Отчего же нет сегодня настроения?

- Ты, Зинка, что, заснула? – Это Кисельников, который идёт последним, раскладывая в специальные пластиковые кармашки на стенках агитационные брошюрки о великом чародее – железнодорожном транспорте, что, реборд не жалея, спешит быть тебе верным другом. Заодно Кисельников огрехи других исправляет: там мусор незамеченный подберёт, тут пыль с пропущенного столика сдует...

Зиночка приходит в себя: все уже давно перешли в другой вагон. Оттуда, издалека, доносится протяжный Нинкин слабый вопль, в котором ни капли отчаяния – одна лишь радость; были б только руки, а работа всегда найдётся:

- На-а-а-срали-и-и!

Теперь ей кажется, она понимает причину своего плохого настроения. Вот он, перед нею, источник. Долбаный книгочей и, совокупно, жмот, Кисельников.

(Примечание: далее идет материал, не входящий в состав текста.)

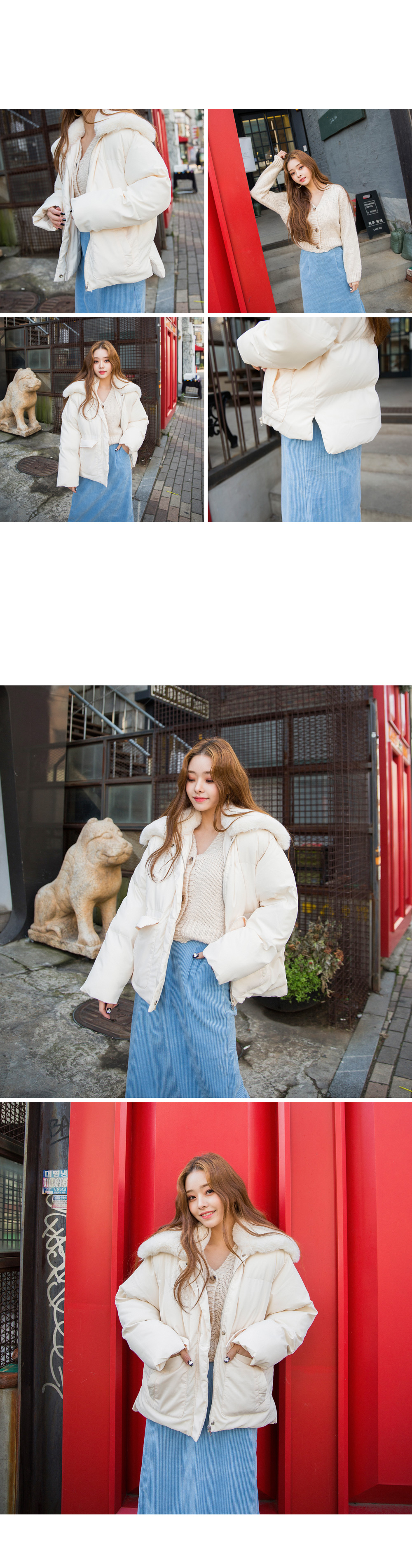 "소프트 파우더 패딩" 퍼로 마무리한 넥라인 카라가 포인트! 다양한 분위기로 코디하기 좋은 패딩인데요, 집업스타일에 스냅버튼이 있어 이중 클로징 할 수 있어 더욱 보온성을 높이고 넥라인 퍼가 어깨 끝까지 덮어주고 있어서 귀여우면서 따뜻함까지 주고있어요 빵빵한 충전재가 더해져 포근함은 배로~ 힙까지 살짝 덮어주는 기장감이구요 도톰한 두께감이 한겨울까지 더욱 따뜻하게 만들어줄꺼에요 무난한 코디도 가능하도록 아이보리, 베이지 컬러 2가지 준비했어요 굿 초이스하세요^^ color 아이보리,베이지 fabric 겉:폴리100%,안:폴리100%,충전재:솜100%,배색:폴리100% size FREE 어깨50 가슴58 소매통26 소매56 총장(앞)63 (뒤)68 (재는 위치 및 재봉과정에 따라 오차가 있을 수 있습니다) ![]() ![]() ![]() ![]() ![]() ![]() |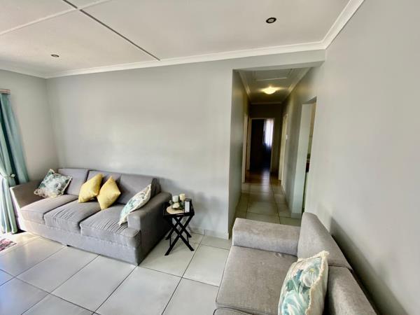 This home offers 3 bedrooms with built-in cupboards, 2 bathrooms (1 mes), stunning modern fitted kitchen, family room, lounge with sliding door to entertainment area, storeroom, enclosed carport for 4 vehicles, all on enclosed erf with sliding gate on remote.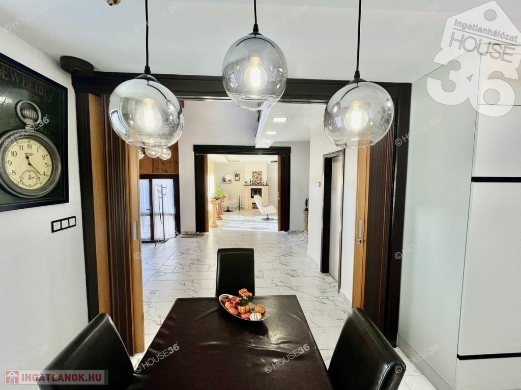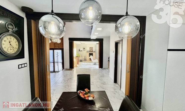Kecskemét belvárosában a MALOM Bevásárlóközponttól 5 percre, csendes utcában 384 m2-es telken, 220 m2 lakóterületű, alatta 70 m2-es szuterénnel, 5 szobás egyedi tervezésű, exkluzív családi ház eladó!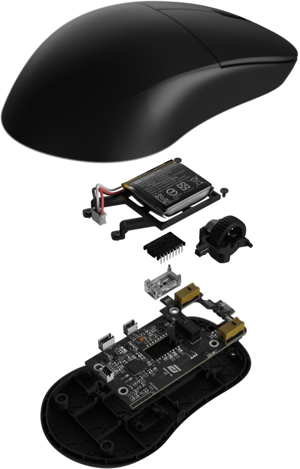 Форма корпусу оптимізована під claw grip та fingertip grip, а вага всього 63 г створює ідеальний баланс між легкістю та контролем під час інтенсивних сесій. Живлення забезпечує вбудований акумулятор із можливістю продовжити роботу в дротовому режимі без перерви на зарядку.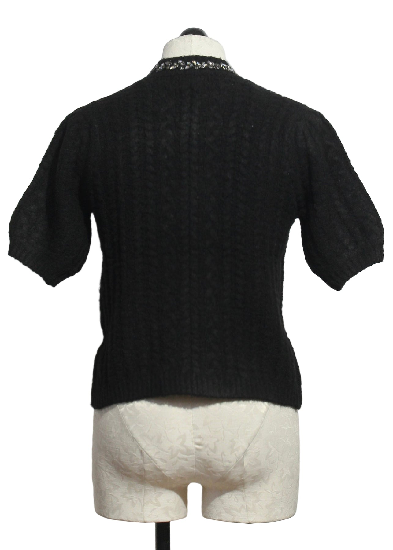 The Short Sleeve Maxwell Cardigan by John and Jenn features a classic fit with a textured pattern and highlighted by a pearl and crystal collar for a preppy flair. Crafted from an acrylic knit, it offers a crewneck design and a five button front closure. The Glitzy Night colored sweater is cropped at the waist and pairs effortlessly with skirts or denim for a chic day-to night look.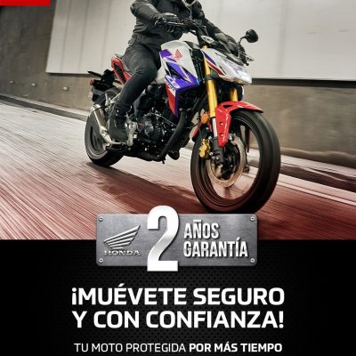 Honda garantiza que la motocicleta está libre de costos por defectos materiales o de funcionamiento por el período especificado. Esto sujeto a las condiciones establecidas en el manual de garantía. Es necesario tener las mantenciones al día en concesionarios oficiales Honda acorde al manual de garantía para mantener vigente la garantía. Válido solo para los modelos detallados en términos y condiciones.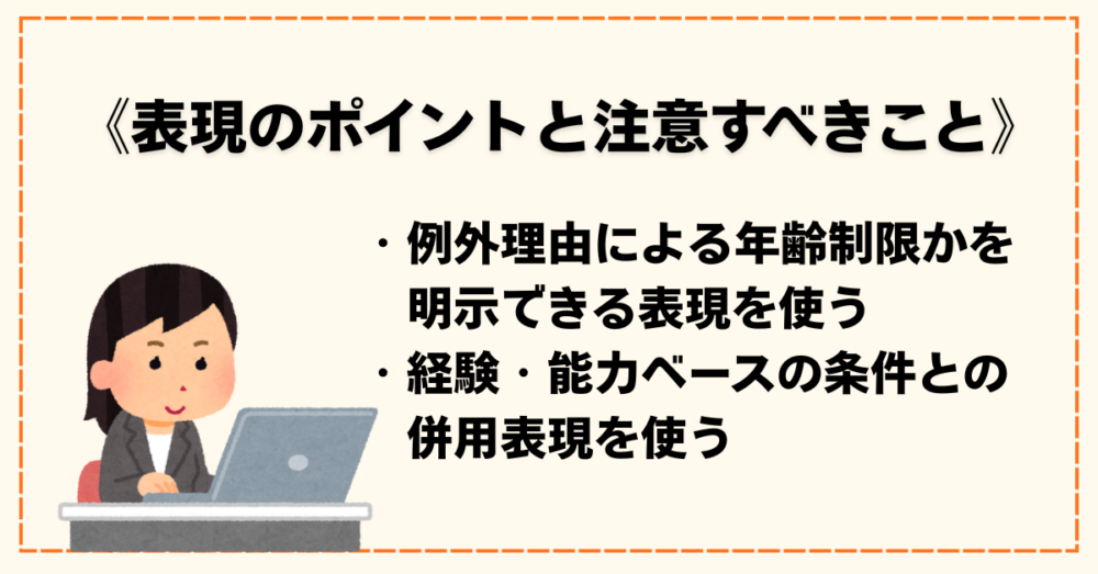 例外事由で年齢制限を使えると判断した場合でも、表現の仕方や文言の選び方は注意が必要です。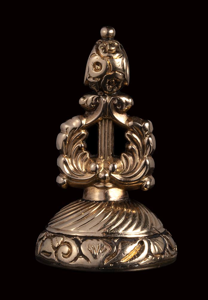 This beautiful intaglio is signed BURCH R.A.: opus of Edward Burch (1730-1814) from Royal Academy. The artist is considered one of the England’s greatest gem-engravers. This stone is mounted as an early 19th century seal engraved with a border of shells, the handle modelled as a stylised lyre composed of foliate scrolls. A very fine intaglio executed with great skill. Light crack on the stone. Extremely fine mirror polishing.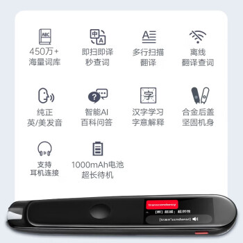 有道词典笔第二代 加强版,一扫即翻效率很高,离线也能翻译,收录超过230万权威词条,包括小初高、大学,还有托福、雅思、GRE等词汇。支持中英互译。可以扫描单词,也可以扫描整句,可多行扫描翻译。标配高灵敏度电容触摸屏,终生持续更新,支持蓝牙及Type-C连接,重约60g。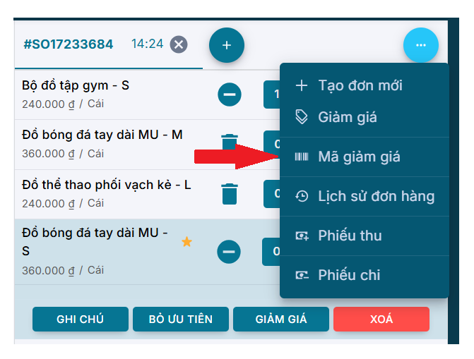 - Nhập Mã giảm giá cho đơn hàng: bấm vào nút ba chấm (…) ở góc trên đơn hàng, chọn Mã giảm giá.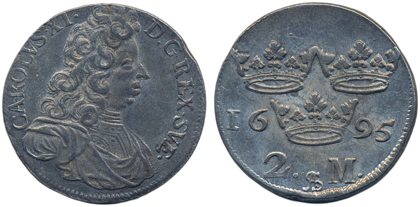 Coins, Sweden. Karl XI, SM 156, 2 mark 1695. 10.29 g. Stockholm. Much underlying lustre, minor edge clip from production. 01.

Которого хлебом не корми, дай только ему потрепаться. Писюн Засранцевич. Это вчера он вдруг ни с того ни с сего заявил, что солнцу осталось светить всего пять миллиардов лет. Зиночка не может взять в толк, как это в такую нескладную головёнку с жиденькими волосиками, кривым носом и вечно раззявленным ртом, напоминающем пепельницу, столько знаний влезает.

- Как так? – Переспросила Нинка, уронив тряпку на пол.

- Сначала начнётся процесс охлаждения, – рассудительно повёл речь Кисельников, – затем, так как наше светило звезда...

- Светило... – Передразнил его оказавшийся рядом Шрапке, что предпочитал больше с комфортом сидеть в конторе и вслушиваться в пластмассовый голос актёров по радио. – Мудила. Других тем нет, что ли? Работать надо как следует, а не вредную пропаганду вести

Обречённость небесного тела, однако, заставила занервничать всех. Механизм его угасания, что Кисельников собирался обстоятельно объяснить, никого не волновал, ужасал срок – своей очевидностью. Зловещая и безжизненная темнота заполонила вагон.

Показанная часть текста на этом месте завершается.